The lemon drizzle cake is firmly established in the English cake repertoire and has become a national favourite at teatime. This version is flavoured with a little thyme, which complements the lemon
You can use any type of edible flower, including flowering herbs. If you are not sure whether your flowers are edible, always check first by looking them up online or in a gardening book. Better safe than sorry.
• 225g unsalted butter, at room temperature
• 225g self-raising flour
• 225g caster sugar
• 3 large eggs
• 2 lemons, grated zest
• 2 teaspoons chopped thyme
• 1 egg white
• 5 sprigs thyme
• 100g caster sugar
• 10-20 edible flowers, washed and patted dry, such as violas, pansies and violets
For the lemon syrup:
• 2 lemons, juiced
• 50g icing sugar
For the filling:
• 250ml whipping cream
• 1/2 teaspoon vanilla extract
• 20g icing sugar
For the lemon icing:
• 1 egg white
• 150-200g icing sugar
• 2 lemons, juiced
1 Start by making the crystallised thyme for the decoration. Brush the egg white on to the thyme with a small paintbrush. Put the caster sugar into a bowl and drop in the thyme sprigs, then toss them gently with a spoon to coat them in the sugar.
2 Lift them out of the sugar and lay them on a tray lined with baking parchment. Leave to dry for a couple of hours in a warm place, such as an airing cupboard or near a heater.
3 Heat the oven to 180°C. Grease and flour two 6-indentation small dome silicone moulds.
4 Now make the cakes. Make sure the butter is soft and pliable for the best results.
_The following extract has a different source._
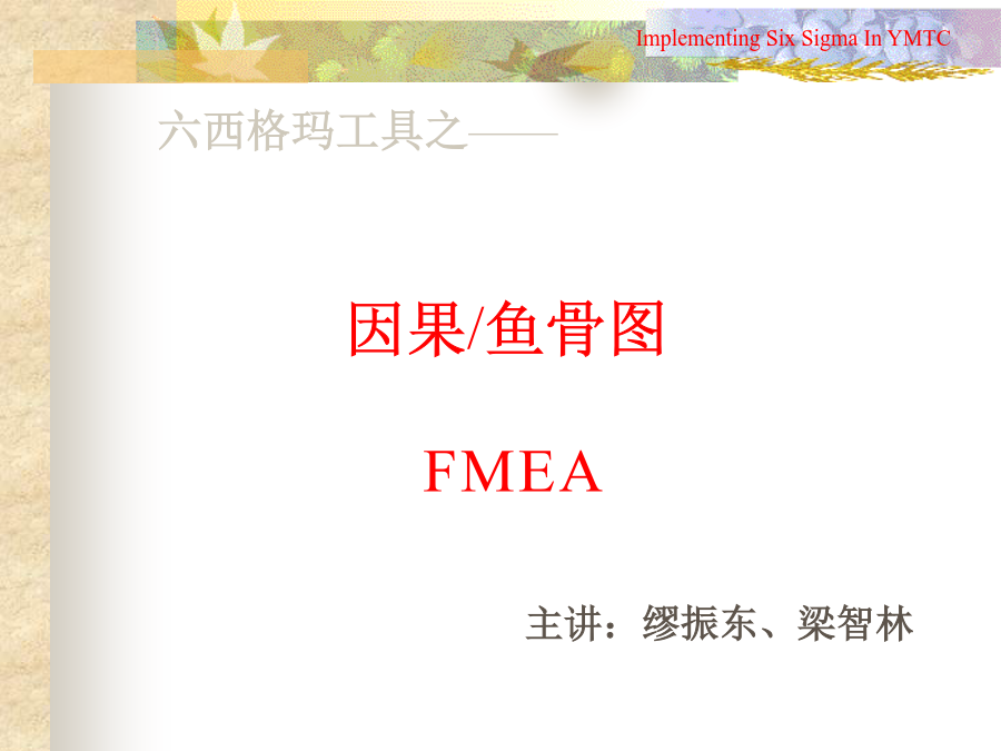 因果/鱼骨图FMEA主讲:缪振东、梁智林因果/鱼骨图(Cause&Effect/FishboneDiagram)一.什么是6M?二.因果/鱼骨图1.因果/鱼骨图的作用◇使项目小组能集中于问题的实质内容,而不是问题的历史或组员的不同的个人观点◇使组员了解项目小组在围绕某个问题时产生的集体智慧和意见,有助于找到有效的解决方案◇使项目小组聚焦于问题的原因,而不是问题的症状3.因果图分析的步骤因果分析是一种小组技巧,其基本程序:(1)确定问题或特性(2)确定主要问题的类别(3)根据原因类别,确定中间原因(4)确定

Warm it a little in a microwave or in a bowl set over a pan of simmering water and mush to a pliable texture by hand, if necessary.
5 Sift the flour twice. Place all the cake ingredients in a food processor or a freestanding electric mixer and blend for 1-2 minutes, until the mixture is just combined, thick and smooth.
6 Spoon or pipe the cake batter into the prepared moulds, filling them half way – you should have half the cake mixture left, as you will have to make 2 batches. Bake for about 25 minutes, until well risen and pale golden brown.
7 Remove from the oven and cool in the moulds for 5 minutes, then turn them out on to a wire rack to cool completely. Clean the moulds, grease and flour them, then fill and bake as before. You will have 12 cakes in total once sandwiched.
Wash and dry the moulds. Stab the surface of the cakes several times with a cocktail stick or skewer. Now place the lemon juice and icing sugar for the lemon syrup in a small pan, bring to the boil and simmer for 1-2 minutes.
8 Pop half the cakes back into the moulds and spoon over the hot syrup. Carefully turn them out of the moulds on to a wire rack, then repeat with the remaining cakes.
9 Whisk the cream with the vanilla and icing sugar until it forms firm peaks. Use the cream to sandwich the cakes together to make a ball.
10 To make the icing, put the egg white in a bowl, sift in about 75g of the icing sugar and whisk with an electric mixer for about 3 minutes, until smooth. Gradually whisk in another 75g icing sugar and continue whisking until the mixture is thick enough to leave a trail on the surface, adding more icing sugar if necessary.
11 Mix in the lemon juice a little at a time until the icing becomes thin enough to drizzle over the cakes.
12 Drizzle the icing over the cakes from a teaspoon or a small piping bag with a hole snipped in the tip, letting it run down the sides of the cakes.
13 Decorate them with the crystallised thyme and the flowers. Leave the cakes for 20 minutes for the icing to set before serving.